EXPECTATIONS for the Scottish housing market are improving as more potential buyers are becoming active, a new survey suggests.
New buyer enquiries in Scotland picked up, the latest Royal Institution of Chartered Surveyors (RICS) residential market survey for December found.
This was in contrast to the overall UK housing market which continued to display a lack of momentum last month, with buyer interest edging lower.
The headline price balance for Scotland remained firmly positive at 28% in the latest survey, meaning that 28% more surveyors said that prices rose in the past three months than those who said they fell.
However the supply of properties coming to the market remains a key concern for Scottish surveyors.
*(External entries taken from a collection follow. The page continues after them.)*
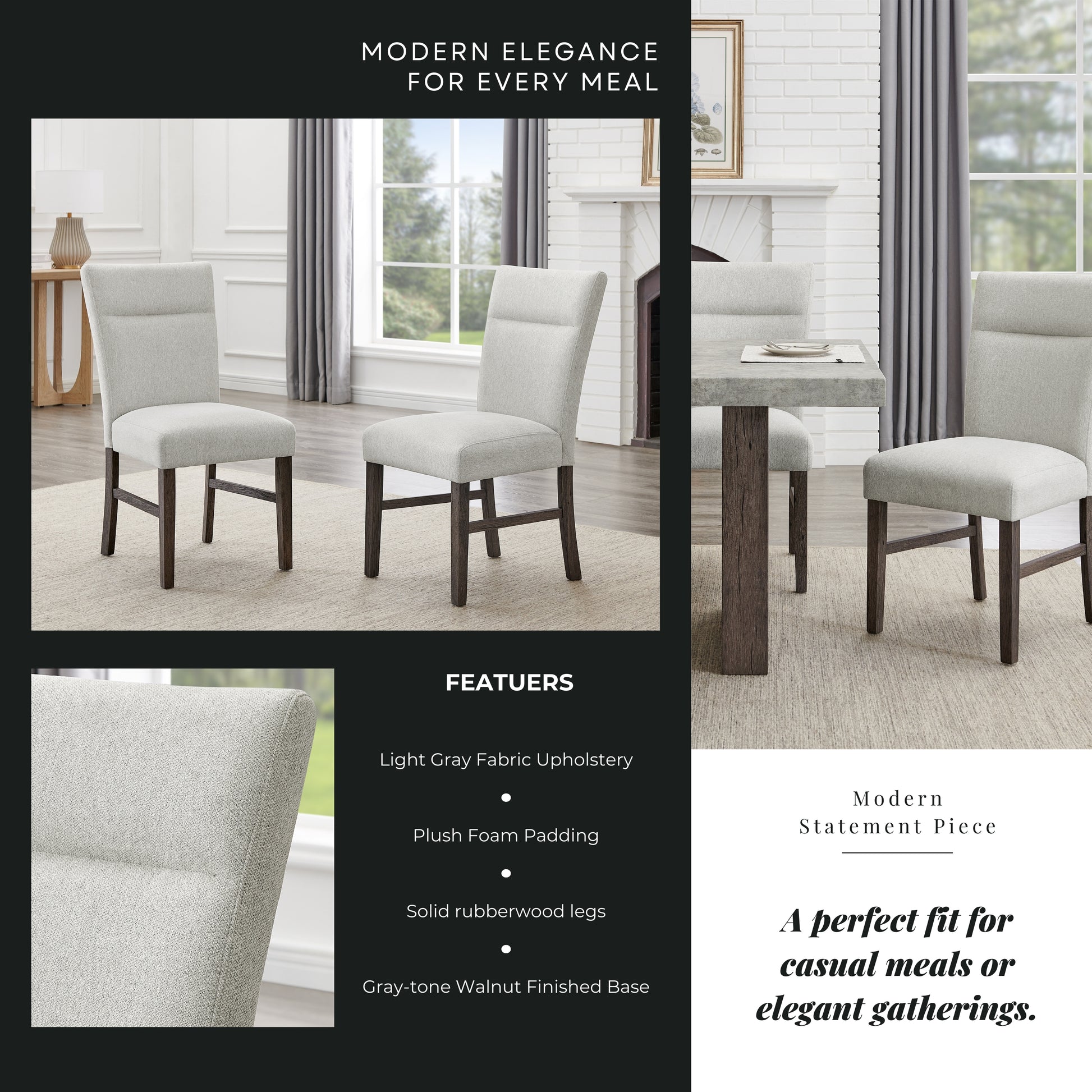 Enhance your dining space with this elegant and comfortable chair set, designed to blend modern style with everyday functionality. Upholstered in soft light gray fabric, these chairs offer plush foam padding for superior comfort, making every meal more enjoyable. The solid rubberwood legs ensure lasting durability, while the gray-tone walnut finish adds a refined, contemporary touch. Whether paired with a matching dining table or used as accent seating, this set of two provides a cohesive and stylish addition to any home.
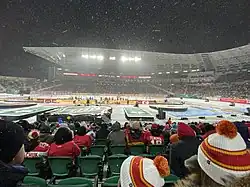 - On October 26, 2019, Mosaic Stadium hosted the 2019 NHL Heritage Classic, featuring the Winnipeg Jets and Calgary Flames.[31] The Regina Pats hosted the Calgary Hitmen in a Western Hockey League (WHL) game the next day, the Prairie Classic.[32] The Pats had originally planned to host an outdoor game against the Moose Jaw Warriors in February 2018 as part of their centennial season. However, due to slow ticket sales and weather concerns, the outdoor games were cancelled and moved back to Brandt Centre.[33][34]
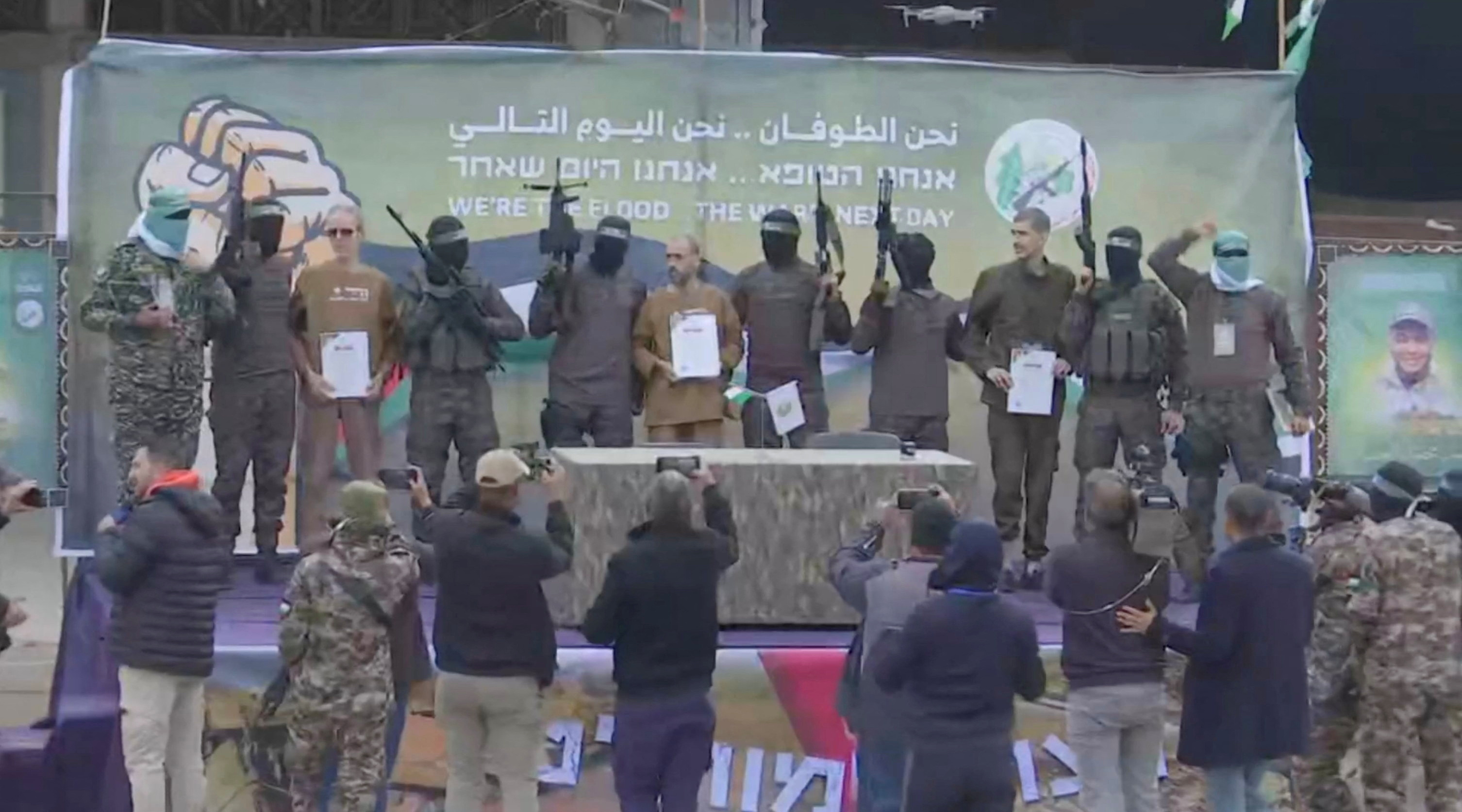حماس تسلم ثلاثة رهائن إسرائيليين للصليب الأحمر في دير البلح بغزة

New vendor instructions to sell remained in negative territory for the ninth consecutive month.
Gail Hunter, RICS director in Scotland, said: “Whilst there are regional variations in the market, the overall picture presented by the latest survey is one of rising expectations as buyer interest increases.
“However, respondents continue to cite a lack of stock as a key market concern, and indeed the December survey points to a gap between supply and demand as new buyer enquiries rise whilst instructions to sell are broadly flat.
“Anecdotally, its seems that the changes to Land and Buildings Transaction Tax continues to have a negative impact on instructions to sell in the middle-to-prime brackets of the market, and this is having a detrimental trickle-down effect in other house price brackets.
“Unless supply increases, this could act to temper expectations in the months ahead.”
The survey found that newly agreed sales rose in December, whilst there were also increases in new buyer enquiries.
Instructions to sell were broadly flat at minus 2%.
The three-month price expectations balance at 33% picked up from 25% in November.
Meanwhile, three-month sales expectations data at 34% was also higher than the previous month when it was 30%.